According to the device for generating the highlight video, information to be fused is determined based on the acquired keywords of the title, the start and stop times of the attention object and the attention object, the start and stop times of the attention event and the attention event, and the start and stop times of the hotspot and the hotspot, then, alternative material information is obtained according to the information to be fused, and the highlight video is generated according to the alternative material information. The information to be fused is derived from multiple dimensions of the input video, so that the dimension of the generated alternative material information is high, accurate and comprehensive, different types of collection videos can be generated accordingly, and diversified requirements of users are met.
According to an embodiment of the present application, an electronic device and a readable storage medium are also provided.
Fig. 9 is a block diagram of an electronic device for training an information fusion model or a method for generating a highlight video according to an embodiment of the present application. Electronic devices are intended to represent various forms of digital computers, such as laptops, desktops, workstations, personal digital assistants, servers, blade servers, mainframes, and other appropriate computers. The electronic device may also represent various forms of mobile devices, such as personal digital processing, cellular phones, smart phones, wearable devices, and other similar computing devices. The components shown herein, their connections and relationships, and their functions, are meant to be examples only, and are not meant to limit implementations of the present application that are described and/or claimed herein.

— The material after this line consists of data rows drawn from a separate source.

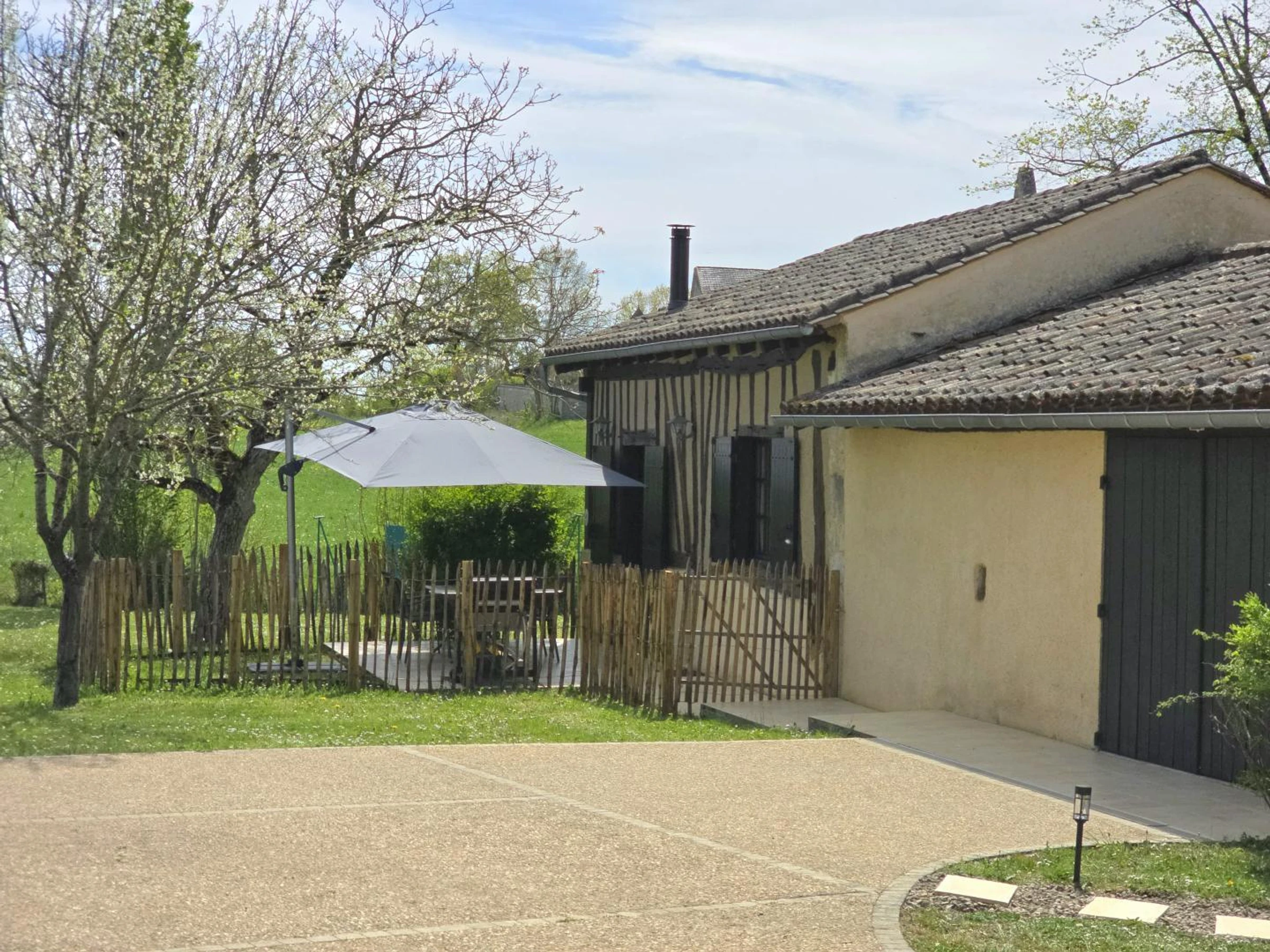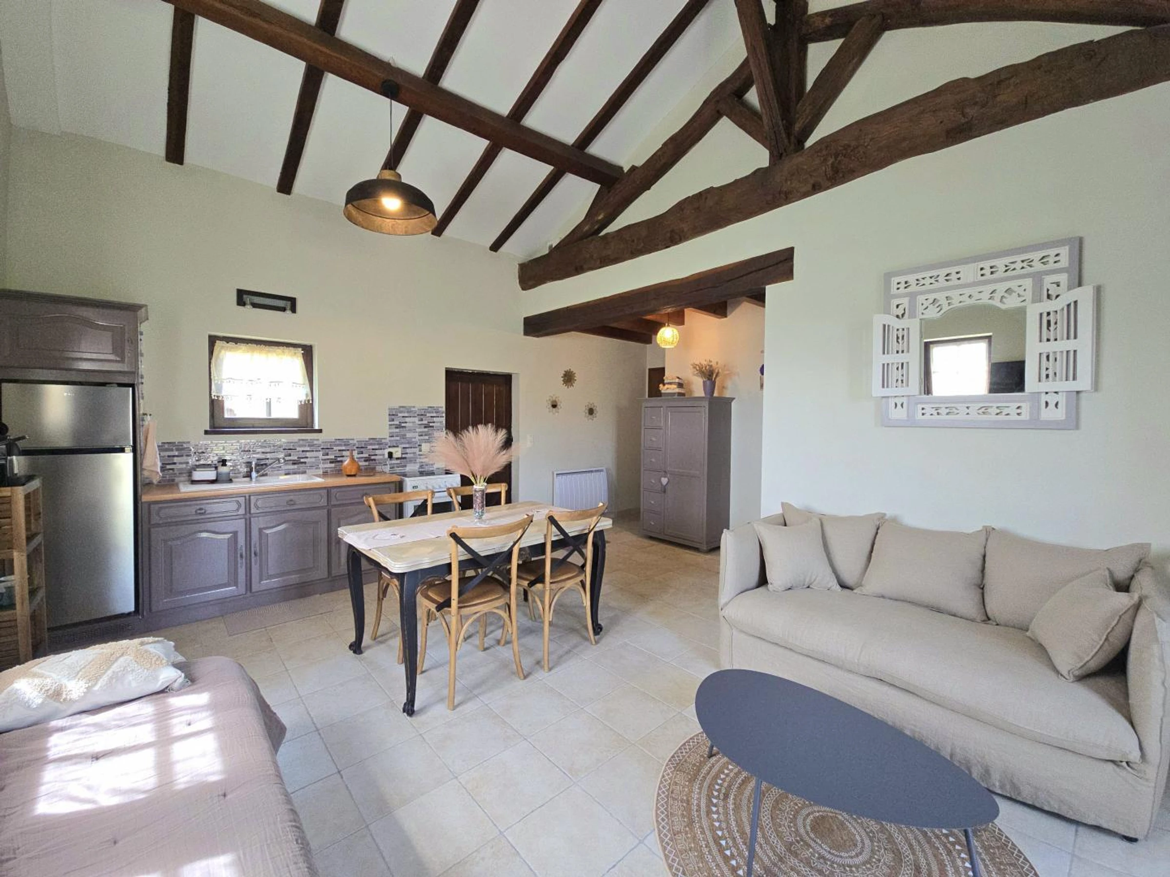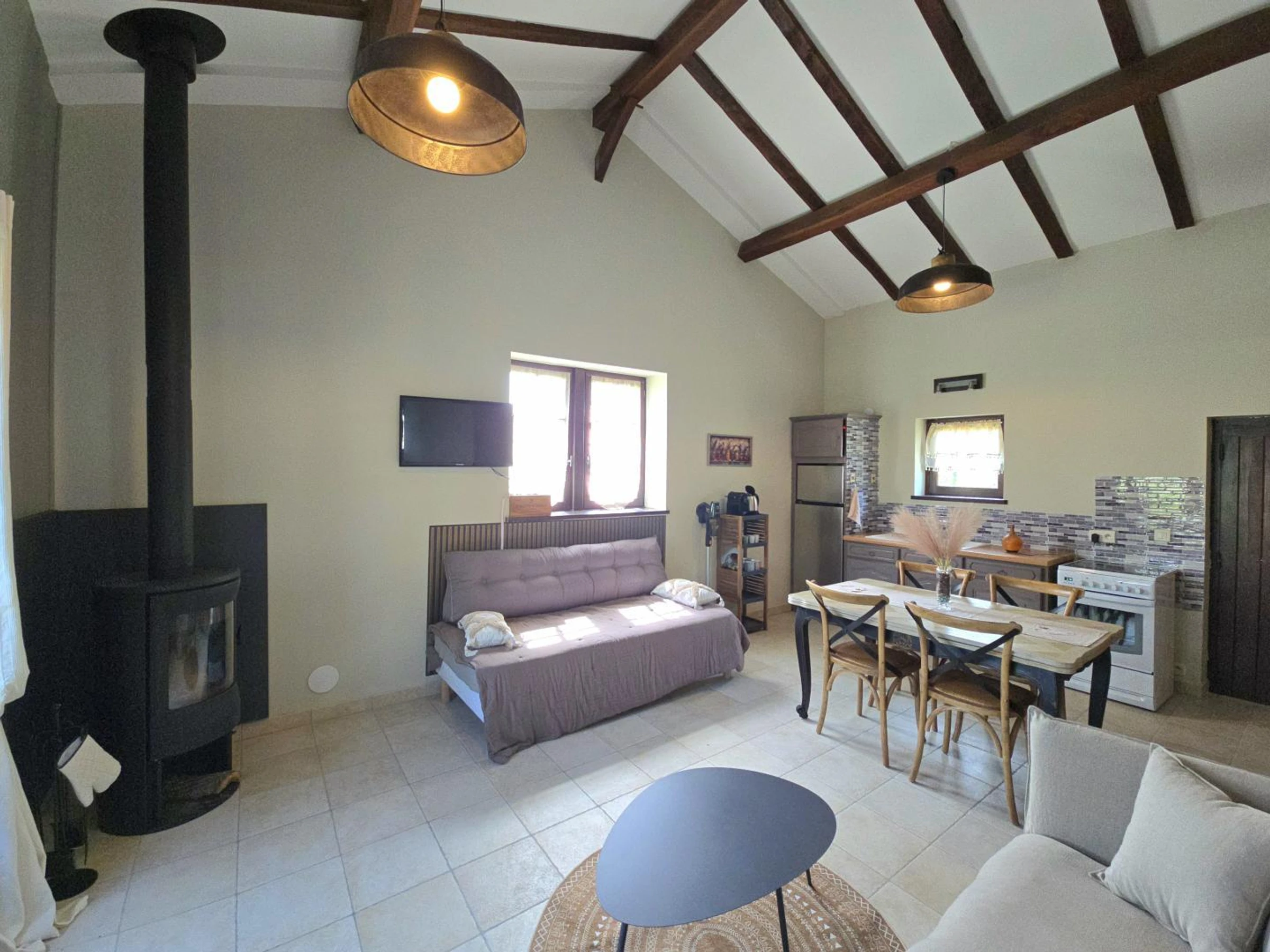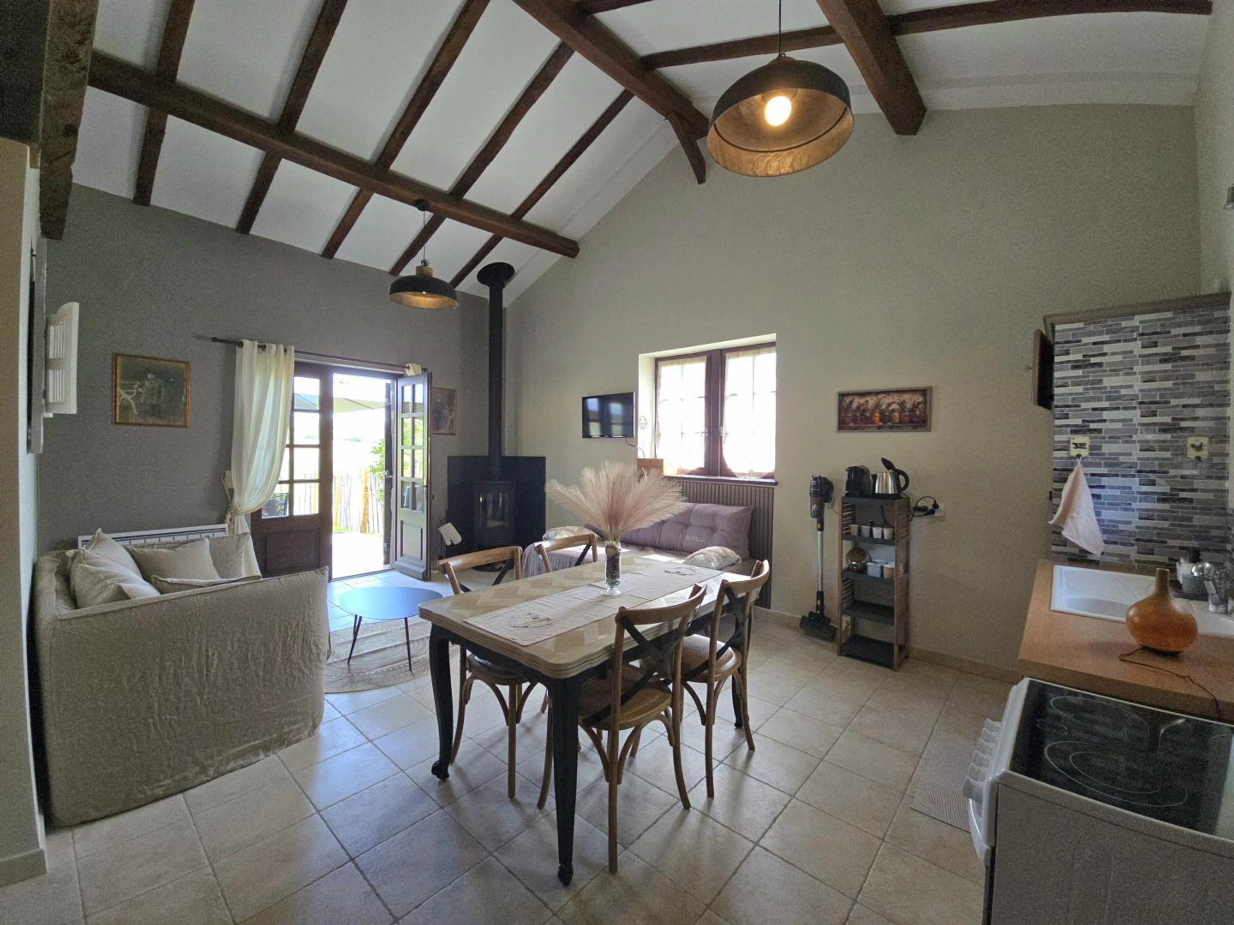 Accederá a una sala de estar con un sofá cama, un banco, un televisor, una estufa de leña y acceso a internet. También hay una cocina equipada con vitrocerámica de cuatro fuegos, horno, cafetera Nespresso, frigorífico-congelador y comedor. También dispone de un aseo independiente. Dispondrá de un dormitorio con cama de matrimonio (160 x 200 cm) y un baño en suite con ducha, lavabo y lavadora. En el exterior de la casa, podrá disfrutar de una terraza con muebles de jardín, sombrilla y plancha. Compartirá con los propietarios un jardín vallado de aproximadamente 2500 m², así como una piscina de cloro de 8 x 4 m, 1,60 m de profundidad y cubierta de seguridad, abierta desde mediados de mayo hasta finales de septiembre. La casa está junto al garaje de los propietarios y cerca de su casa. La calefacción se proporciona mediante radiadores eléctricos y una estufa de leña. Hay aparcamiento disponible en el establecimiento. Esta encantadora casa rural para dos personas cautiva con el auténtico encanto de su construcción con entramado de madera. Ideal para una escapada romántica, ofrece un entorno refinado con acceso a una piscina compartida, perfecta para relajarse después de un día explorando.
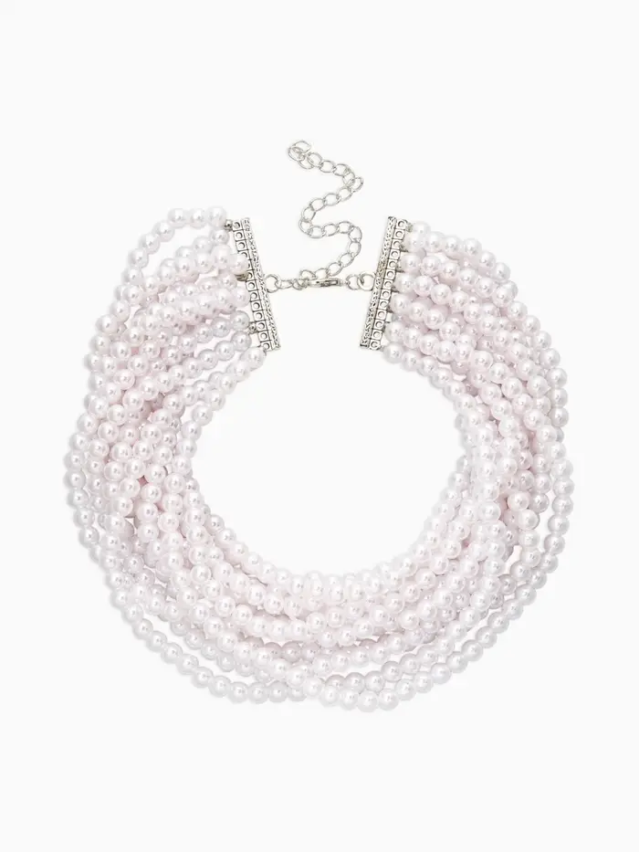 Чокер-бусы многослойный «Жемчужная императрица», 12 рядов, №6, L=30 см+10 см, белый в серебре
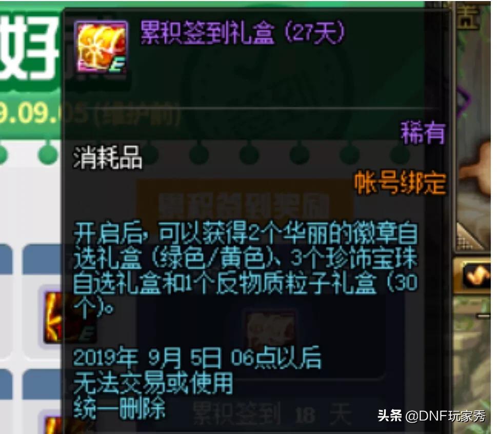 累计27天,获得华丽徽章(绿色/黄色)自选,估计是绝版的15力,3个18属强的首饰附魔自选,30个反物质粒子。
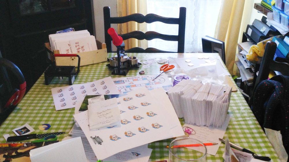 Once everyone was happy with it, printed and hand-folded 300 copies of the game.

As shown in fig. 9, the electronic apparatus includes: one or more processors 901, memory 902, and interfaces for connecting the various components, including a high-speed interface and a low-speed interface. The various components are interconnected using different buses and may be mounted on a common motherboard or in other manners as desired. The processor may process instructions for execution within the electronic device, including instructions stored in or on the memory to display graphical information of a GUI on an external input/output apparatus (such as a display device coupled to the interface). In other embodiments, multiple processors and/or multiple buses may be used, along with multiple memories and multiple memories, as desired. Also, multiple electronic devices may be connected, with each device providing portions of the necessary operations (e.g., as a server array, a group of blade servers, or a multi-processor system). Fig. 9 illustrates an example of a processor 901.
Memory 902 is a non-transitory computer readable storage medium as provided herein. The memory stores instructions executable by the at least one processor to cause the at least one processor to perform a method of training an information fusion model or generating a highlight video provided herein. A non-transitory computer readable storage medium of the present application stores computer instructions for causing a computer to perform a method of training an information fusion model, or generating a highlight video, as provided herein.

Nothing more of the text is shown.